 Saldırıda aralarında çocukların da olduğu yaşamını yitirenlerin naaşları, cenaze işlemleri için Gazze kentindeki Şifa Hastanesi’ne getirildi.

* * *

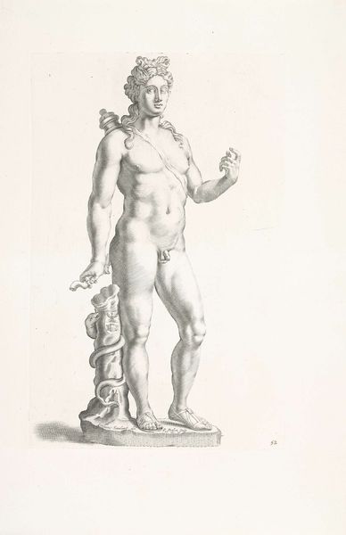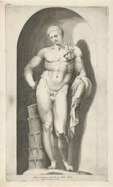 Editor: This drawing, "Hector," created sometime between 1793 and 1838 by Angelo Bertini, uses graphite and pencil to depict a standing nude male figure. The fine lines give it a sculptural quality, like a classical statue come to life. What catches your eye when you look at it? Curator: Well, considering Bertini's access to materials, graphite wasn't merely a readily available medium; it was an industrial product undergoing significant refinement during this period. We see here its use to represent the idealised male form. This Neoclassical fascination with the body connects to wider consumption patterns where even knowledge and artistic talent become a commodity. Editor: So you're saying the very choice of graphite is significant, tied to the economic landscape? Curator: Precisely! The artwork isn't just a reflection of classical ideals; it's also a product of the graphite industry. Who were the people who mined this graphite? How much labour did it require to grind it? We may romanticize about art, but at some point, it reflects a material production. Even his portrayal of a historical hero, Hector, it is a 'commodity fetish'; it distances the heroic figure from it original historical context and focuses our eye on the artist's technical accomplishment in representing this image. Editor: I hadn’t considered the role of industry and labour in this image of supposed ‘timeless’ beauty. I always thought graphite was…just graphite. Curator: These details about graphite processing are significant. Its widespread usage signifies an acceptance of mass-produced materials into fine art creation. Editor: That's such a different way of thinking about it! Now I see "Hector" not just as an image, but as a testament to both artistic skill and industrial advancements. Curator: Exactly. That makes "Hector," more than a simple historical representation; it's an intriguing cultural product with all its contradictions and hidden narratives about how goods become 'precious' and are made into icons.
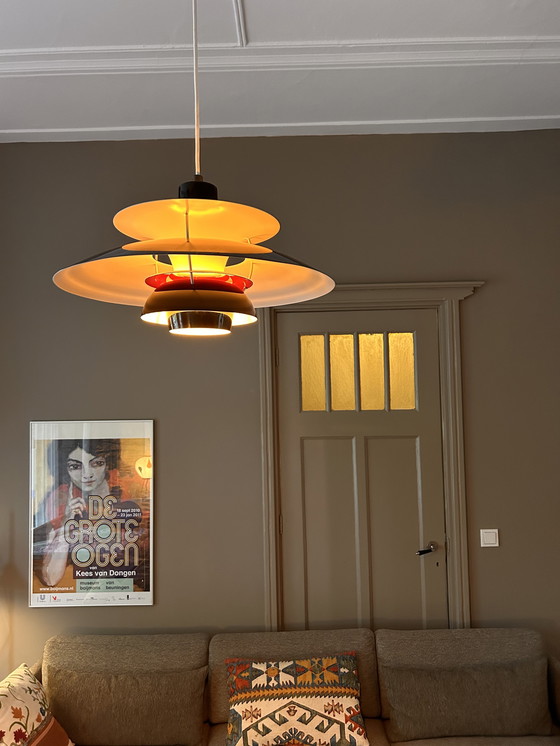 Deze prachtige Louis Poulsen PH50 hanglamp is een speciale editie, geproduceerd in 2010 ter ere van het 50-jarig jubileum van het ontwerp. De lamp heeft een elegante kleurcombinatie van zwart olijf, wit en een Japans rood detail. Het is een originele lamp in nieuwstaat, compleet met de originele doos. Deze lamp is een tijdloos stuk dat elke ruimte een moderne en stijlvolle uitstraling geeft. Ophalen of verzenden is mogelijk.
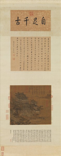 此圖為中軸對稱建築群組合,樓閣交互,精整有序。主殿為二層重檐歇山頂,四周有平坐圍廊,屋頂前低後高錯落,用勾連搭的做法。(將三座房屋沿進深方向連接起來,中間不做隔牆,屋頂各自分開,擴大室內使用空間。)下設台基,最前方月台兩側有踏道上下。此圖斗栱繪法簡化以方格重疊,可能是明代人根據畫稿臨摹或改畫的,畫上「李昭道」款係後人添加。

---

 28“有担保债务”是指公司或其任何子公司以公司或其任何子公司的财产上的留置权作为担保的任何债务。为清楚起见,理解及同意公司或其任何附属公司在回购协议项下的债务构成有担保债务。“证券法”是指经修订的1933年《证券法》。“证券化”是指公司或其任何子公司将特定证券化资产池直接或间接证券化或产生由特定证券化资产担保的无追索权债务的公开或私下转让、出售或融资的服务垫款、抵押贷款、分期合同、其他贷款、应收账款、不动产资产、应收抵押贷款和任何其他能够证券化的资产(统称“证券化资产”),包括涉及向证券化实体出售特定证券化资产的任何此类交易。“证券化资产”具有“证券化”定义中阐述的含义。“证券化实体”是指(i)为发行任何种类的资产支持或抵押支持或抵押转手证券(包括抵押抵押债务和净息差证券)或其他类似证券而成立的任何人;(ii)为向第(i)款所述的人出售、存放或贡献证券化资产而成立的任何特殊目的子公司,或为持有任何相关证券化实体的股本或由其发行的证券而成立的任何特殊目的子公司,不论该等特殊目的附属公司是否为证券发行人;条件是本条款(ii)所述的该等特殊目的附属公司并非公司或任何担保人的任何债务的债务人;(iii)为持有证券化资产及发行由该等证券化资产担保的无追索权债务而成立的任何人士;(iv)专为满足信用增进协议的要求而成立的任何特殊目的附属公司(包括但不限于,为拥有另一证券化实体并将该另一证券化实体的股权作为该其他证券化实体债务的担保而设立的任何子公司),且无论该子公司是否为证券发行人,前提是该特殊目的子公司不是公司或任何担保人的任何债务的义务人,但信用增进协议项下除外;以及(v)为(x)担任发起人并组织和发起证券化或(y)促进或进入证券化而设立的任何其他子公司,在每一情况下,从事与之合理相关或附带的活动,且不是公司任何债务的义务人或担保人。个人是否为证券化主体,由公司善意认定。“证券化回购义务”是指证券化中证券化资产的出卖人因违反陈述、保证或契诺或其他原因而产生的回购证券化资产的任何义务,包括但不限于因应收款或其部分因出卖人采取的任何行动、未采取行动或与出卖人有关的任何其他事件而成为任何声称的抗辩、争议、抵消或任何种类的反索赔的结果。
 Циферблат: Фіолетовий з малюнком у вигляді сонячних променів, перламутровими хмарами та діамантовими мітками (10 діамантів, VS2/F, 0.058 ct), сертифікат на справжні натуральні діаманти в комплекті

- _EXERCISE PROMPT_
Could you repeat, exactly, only the lines above starting at the one that has "Deze prachtige Louis" and stopping after the one that has "此圖為中軸對稱建築群組合,樓", without the pictures?

- _WRITTEN RESPONSE_
 Deze prachtige Louis Poulsen PH50 hanglamp is een speciale editie, geproduceerd in 2010 ter ere van het 50-jarig jubileum van het ontwerp. De lamp heeft een elegante kleurcombinatie van zwart olijf, wit en een Japans rood detail. Het is een originele lamp in nieuwstaat, compleet met de originele doos. Deze lamp is een tijdloos stuk dat elke ruimte een moderne en stijlvolle uitstraling geeft. Ophalen of verzenden is mogelijk.
 此圖為中軸對稱建築群組合,樓閣交互,精整有序。主殿為二層重檐歇山頂,四周有平坐圍廊,屋頂前低後高錯落,用勾連搭的做法。(將三座房屋沿進深方向連接起來,中間不做隔牆,屋頂各自分開,擴大室內使用空間。)下設台基,最前方月台兩側有踏道上下。此圖斗栱繪法簡化以方格重疊,可能是明代人根據畫稿臨摹或改畫的,畫上「李昭道」款係後人添加。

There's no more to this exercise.